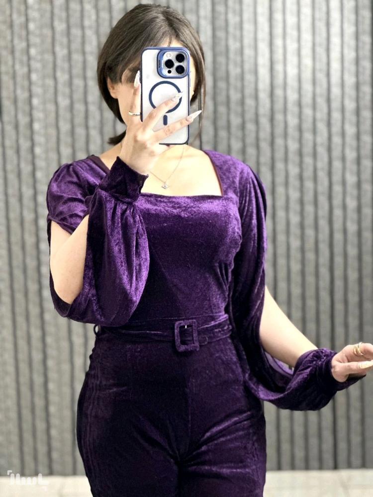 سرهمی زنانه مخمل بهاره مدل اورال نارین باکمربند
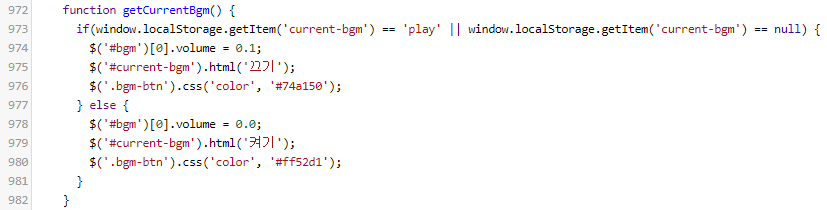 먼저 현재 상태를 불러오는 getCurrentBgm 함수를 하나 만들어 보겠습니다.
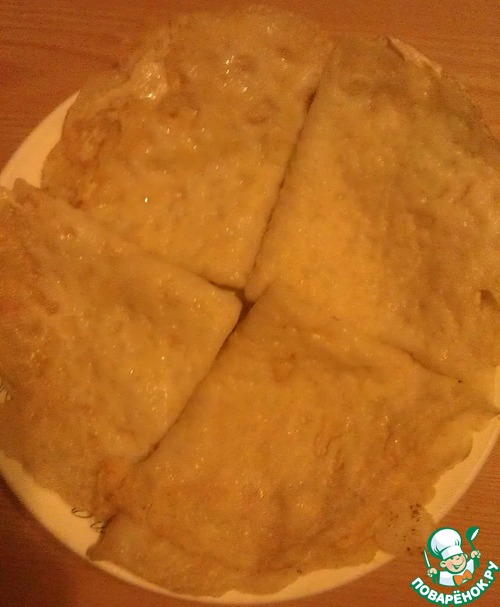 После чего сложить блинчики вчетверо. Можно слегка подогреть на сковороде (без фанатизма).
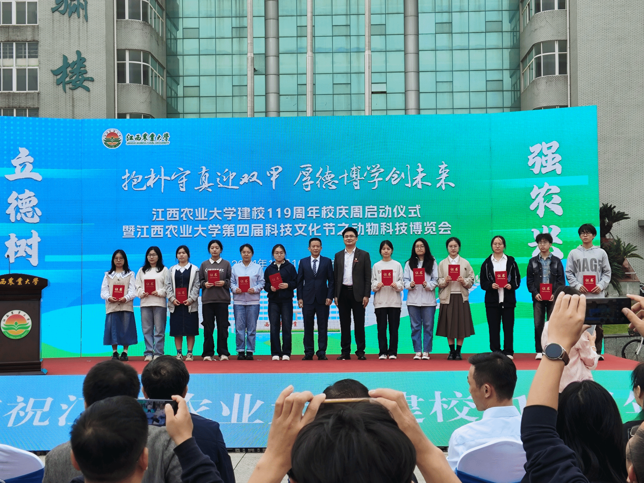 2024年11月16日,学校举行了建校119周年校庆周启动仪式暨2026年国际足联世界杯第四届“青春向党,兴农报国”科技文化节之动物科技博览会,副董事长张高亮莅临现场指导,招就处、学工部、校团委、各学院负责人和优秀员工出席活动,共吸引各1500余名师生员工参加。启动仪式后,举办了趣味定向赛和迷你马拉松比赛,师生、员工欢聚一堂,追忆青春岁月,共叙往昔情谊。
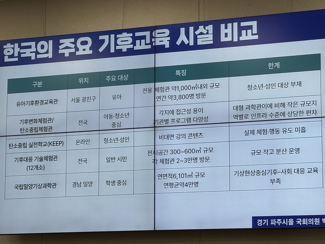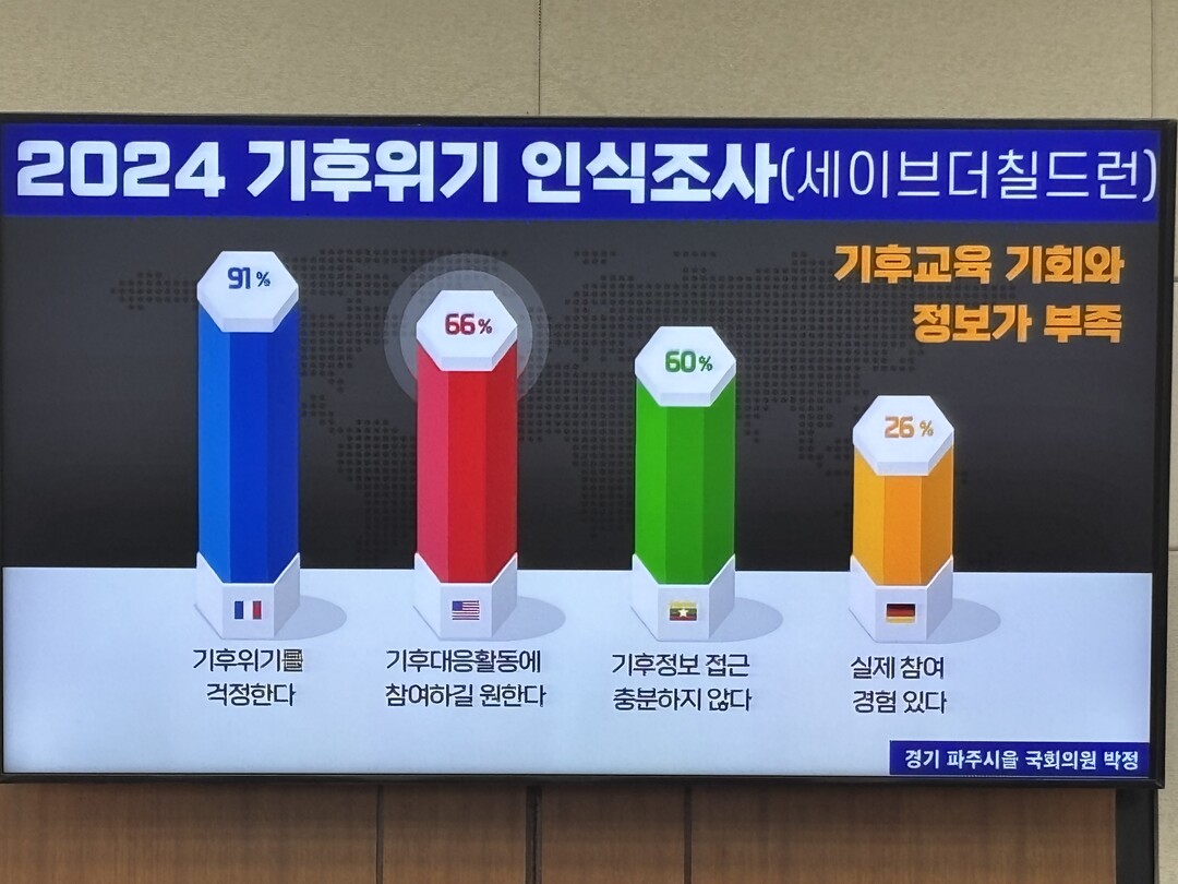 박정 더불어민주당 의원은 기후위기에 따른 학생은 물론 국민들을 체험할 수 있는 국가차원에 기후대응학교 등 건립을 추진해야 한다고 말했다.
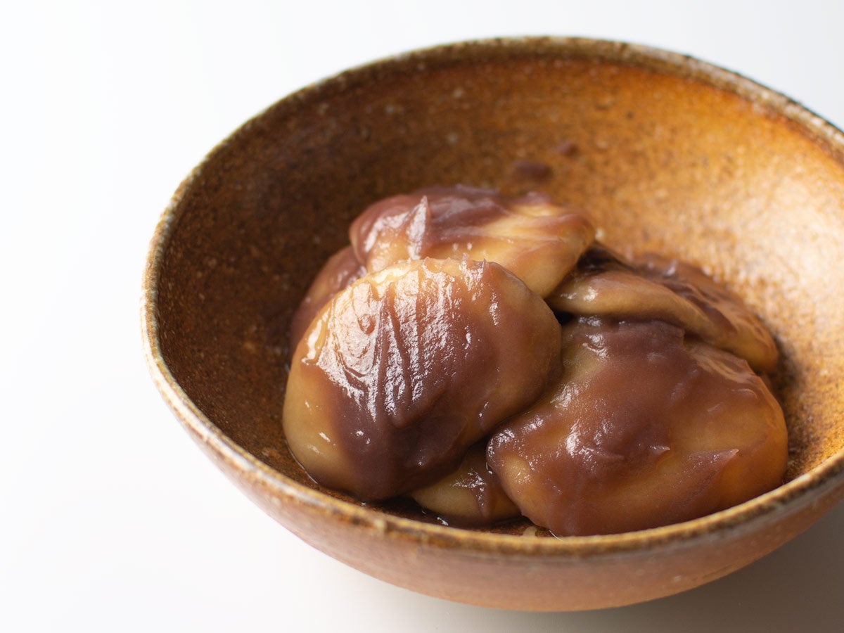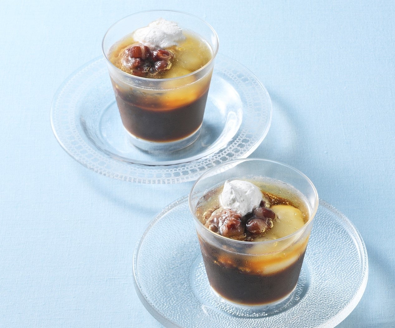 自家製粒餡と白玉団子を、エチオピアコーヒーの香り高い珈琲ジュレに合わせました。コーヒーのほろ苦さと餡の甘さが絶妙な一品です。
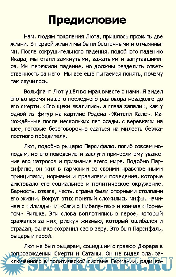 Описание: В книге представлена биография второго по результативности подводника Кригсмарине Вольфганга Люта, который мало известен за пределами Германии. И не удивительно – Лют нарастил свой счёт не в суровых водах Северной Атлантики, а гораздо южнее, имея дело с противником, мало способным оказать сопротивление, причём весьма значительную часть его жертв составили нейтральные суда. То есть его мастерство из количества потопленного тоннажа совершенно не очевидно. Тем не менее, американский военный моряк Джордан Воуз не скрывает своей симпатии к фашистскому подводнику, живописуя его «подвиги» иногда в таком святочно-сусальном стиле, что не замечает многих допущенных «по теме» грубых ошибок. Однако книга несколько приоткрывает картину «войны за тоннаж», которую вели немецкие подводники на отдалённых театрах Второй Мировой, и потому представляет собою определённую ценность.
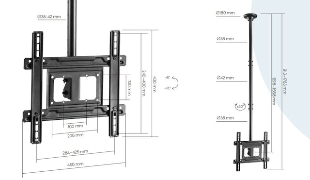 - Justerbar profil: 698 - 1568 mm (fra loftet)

---

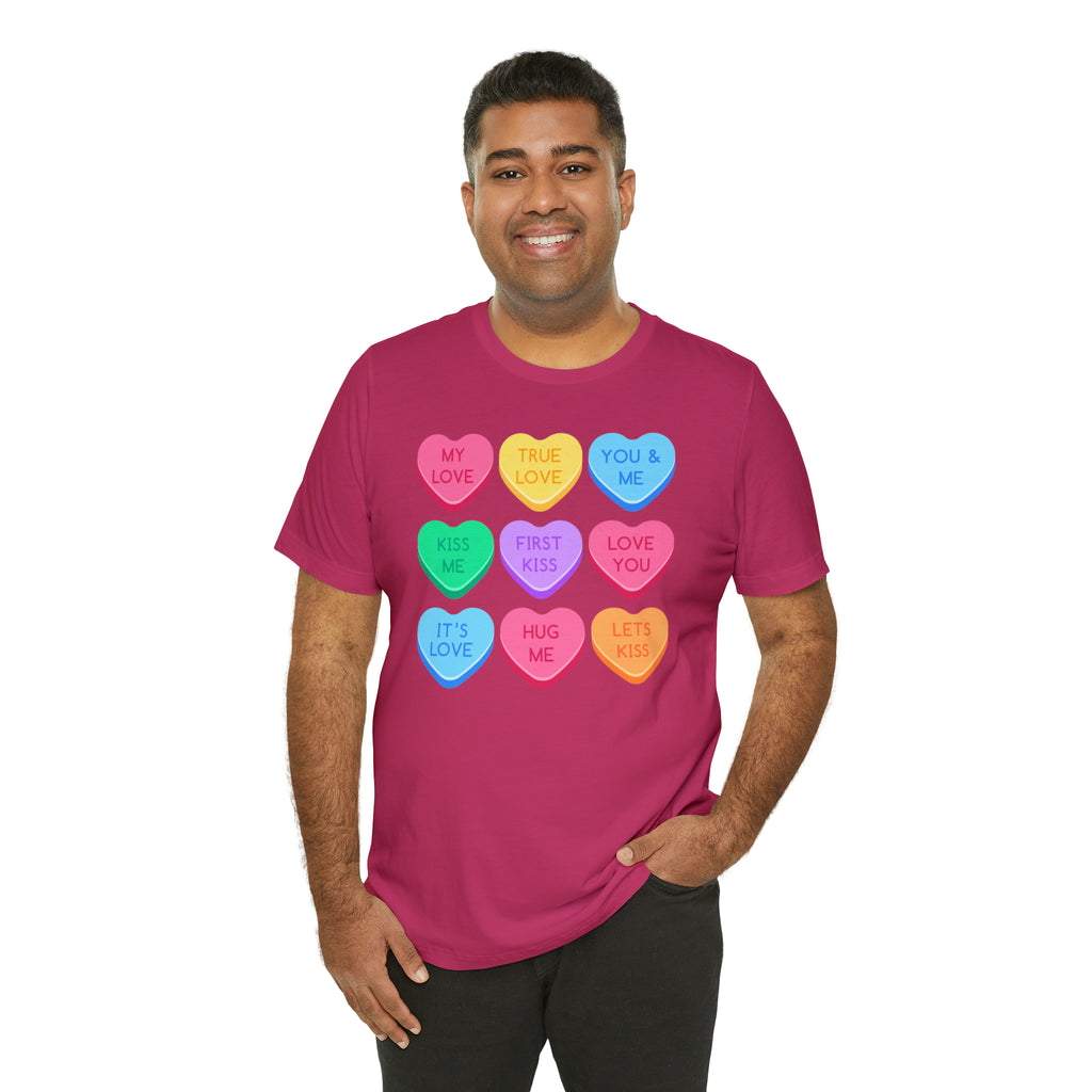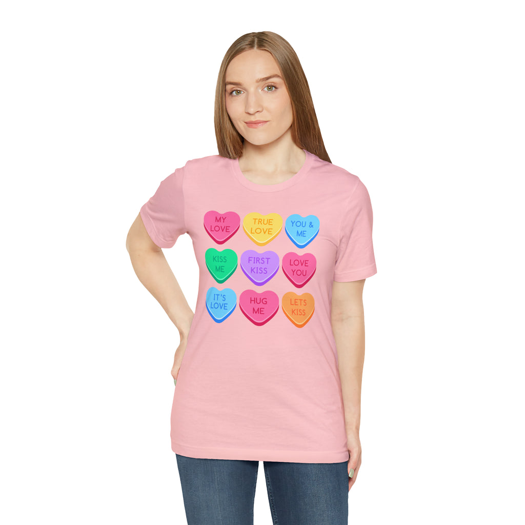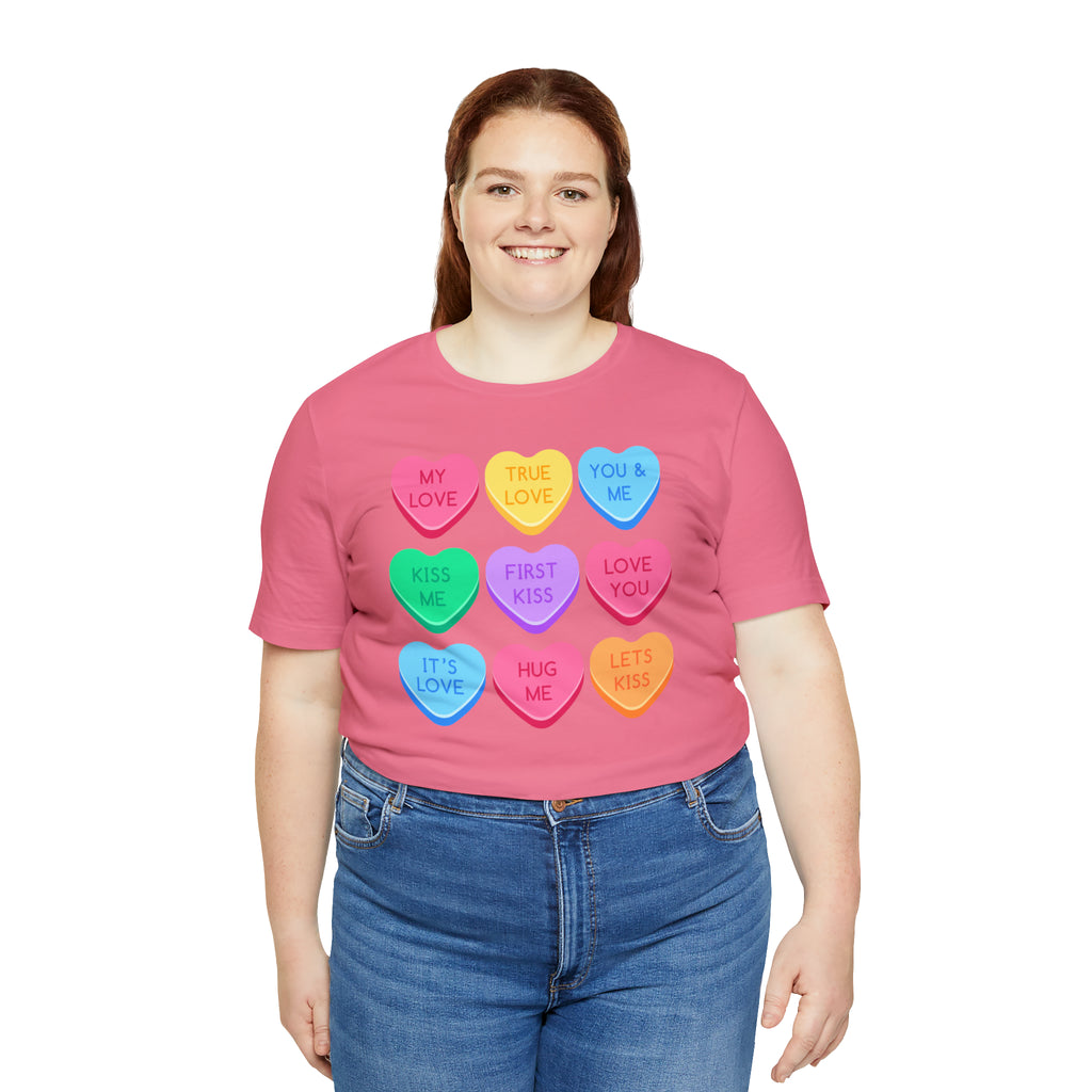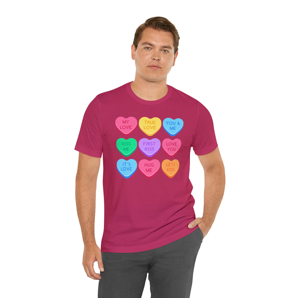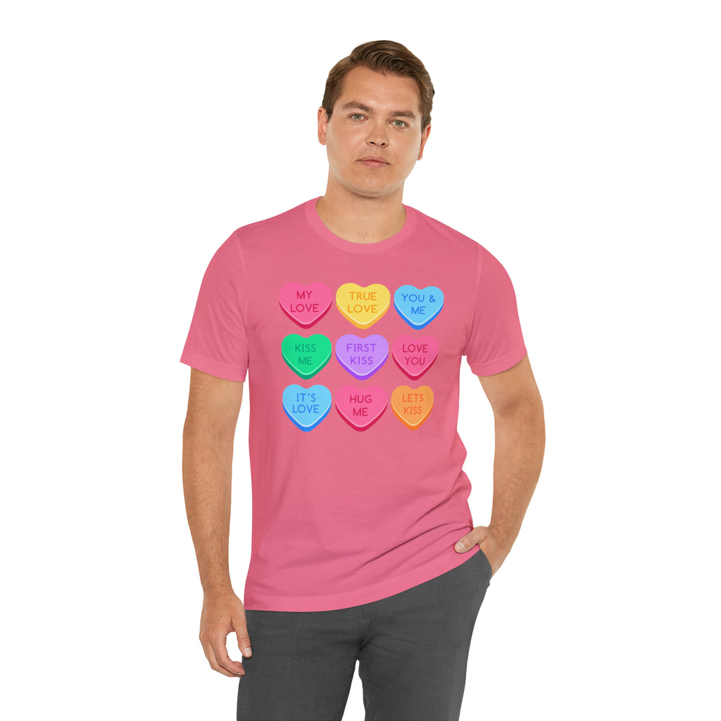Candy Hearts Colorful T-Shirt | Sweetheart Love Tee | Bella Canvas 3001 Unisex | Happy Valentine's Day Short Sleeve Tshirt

--

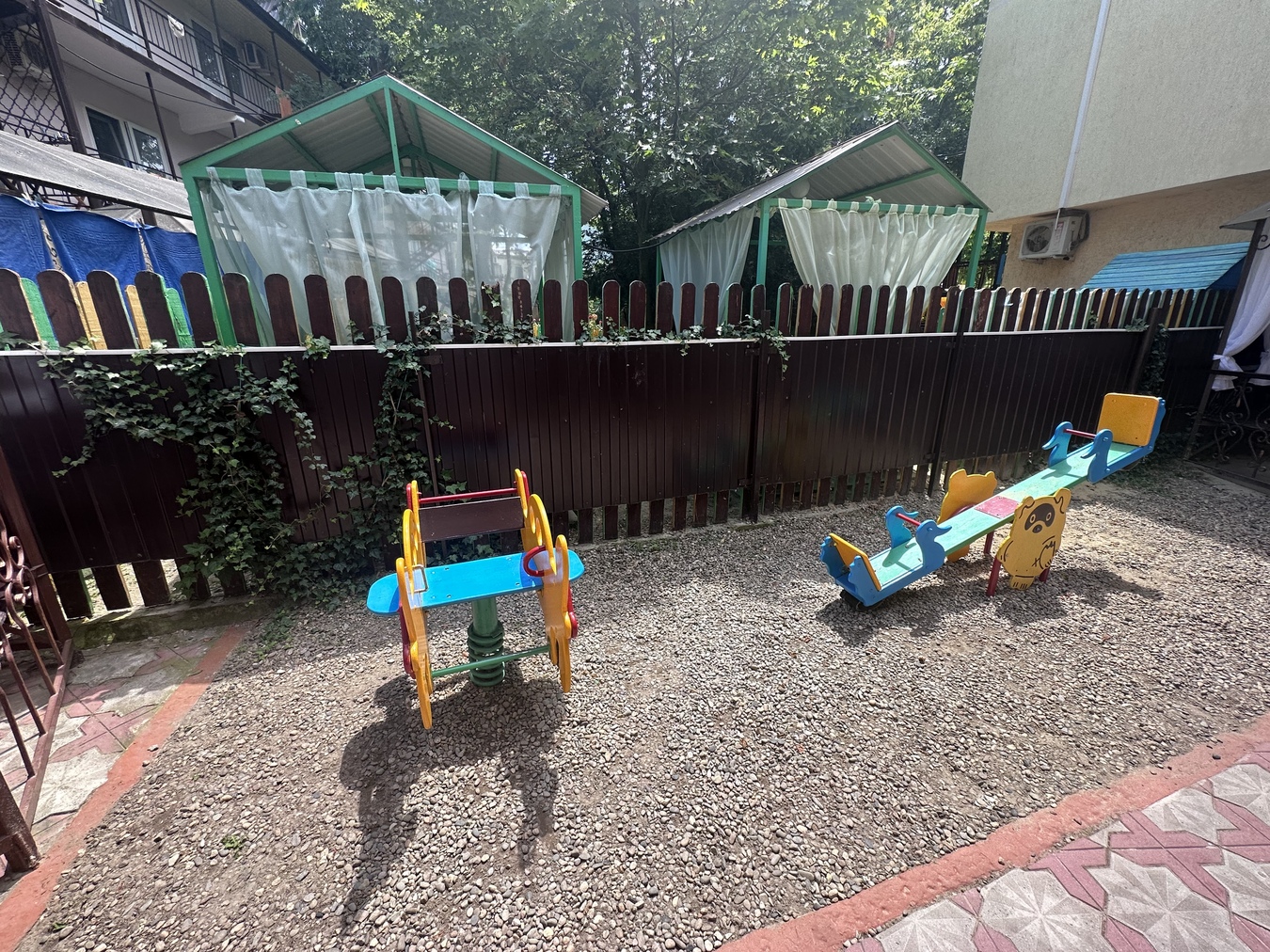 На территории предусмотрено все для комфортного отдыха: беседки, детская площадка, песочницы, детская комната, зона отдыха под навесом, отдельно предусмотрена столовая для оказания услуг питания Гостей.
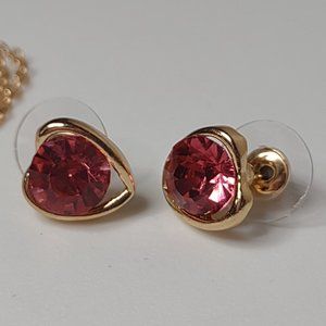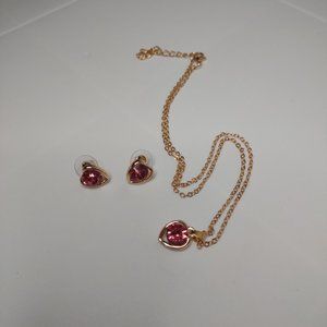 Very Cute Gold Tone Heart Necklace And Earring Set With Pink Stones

▶ **WHAT THIS TASK INVOLVES**
Leaving out all pictures, set down exactly the lines of the material above, from the line with "سرهمی زنانه مخمل" to the line with "自家製粒餡と白玉団子を、エチ" inclusive, and no others.

▶ **FINAL ANSWER**
 سرهمی زنانه مخمل بهاره مدل اورال نارین باکمربند
 먼저 현재 상태를 불러오는 getCurrentBgm 함수를 하나 만들어 보겠습니다.
 После чего сложить блинчики вчетверо. Можно слегка подогреть на сковороде (без фанатизма).
 2024年11月16日,学校举行了建校119周年校庆周启动仪式暨2026年国际足联世界杯第四届“青春向党,兴农报国”科技文化节之动物科技博览会,副董事长张高亮莅临现场指导,招就处、学工部、校团委、各学院负责人和优秀员工出席活动,共吸引各1500余名师生员工参加。启动仪式后,举办了趣味定向赛和迷你马拉松比赛,师生、员工欢聚一堂,追忆青春岁月,共叙往昔情谊。
 박정 더불어민주당 의원은 기후위기에 따른 학생은 물론 국민들을 체험할 수 있는 국가차원에 기후대응학교 등 건립을 추진해야 한다고 말했다.
 自家製粒餡と白玉団子を、エチオピアコーヒーの香り高い珈琲ジュレに合わせました。コーヒーのほろ苦さと餡の甘さが絶妙な一品です。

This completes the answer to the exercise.